What Folkman then showed was that there is an intimate relationship between tumours and the blood vessels that supply them with nutrients. The tumours actually attract vessels to grow towards them, and if the blood vessels do not reach the tumour, it will remain tiny or die. The way tumours attract vessels is by secreting a substance which causes the fine vessels nearby to migrate towards the source of the substance. The vessel's cells can detect local concentration and will move towards higher and higher concentrations. Once the tumour has received a blood supply, its growth can be explosive - it can become 20,000 times its original volume in a few weeks.

It is this growth that makes tumours lethal. There is evidence that an individual with cancer may have many small tumours in the body that are hard to detect until they receive a blood supply and start to grow. Folkman devoted his next efforts to identifying the substances released by tumours that attract vessels, in order to find ways of preventing them from working and the tumours from acquiring a blood supply. His views were met with considerable scepticism - few believed that it might be possible to treat cancer by blocking blood-vessel development. He had to use considerable powers of persuasion to convince scientists to join him, as other professors actually tried to dissuade them from doing so.

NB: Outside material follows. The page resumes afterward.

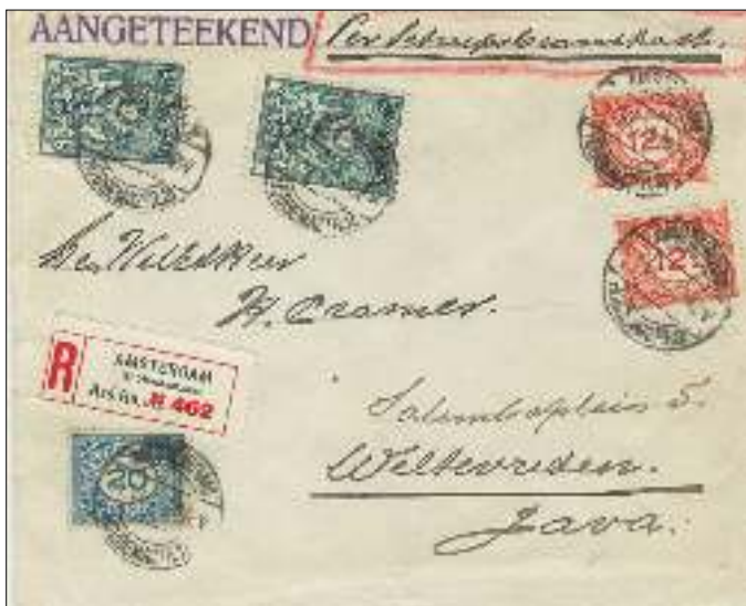
idem echter 2 e gewichtsklasse (25 cts afstandsrecht + 20 cts aantekenrecht + 2x 15 cts brandkastrecht)

But Folkman received a major boost in 1994, when his laboratory isolated a natural inhibitor of blood-vessel growth called angiostatin (blood-vessel growth is called angiogenesis). Two years later, they isolated another inhibitor, endostatin. When a mouse with a large tumour was treated daily with endostatin, the tum- our almost disappeared within 12 days. It is still not known how the inhibitors work, but tests using related substances to suppress vessel growth in cancer patients are due to start next year. And because of the publicity his work has attracted, his office already receives over 1,000 calls a day from cancer patients or their families, desperate for a life-saving treatment.

In an interview in the journal Science, Folkman was asked whether he thinks that his treatments will eventually cure cancer. His reply: that his inhibitors will not, but that he believes they will make cancer more controllable when used alongside standard treatments like chemotherapy. Folkman is now honoured by numerous prestigious awards. He is a wonderful example of a scientist who did not give up his ideas, despite initial opposition.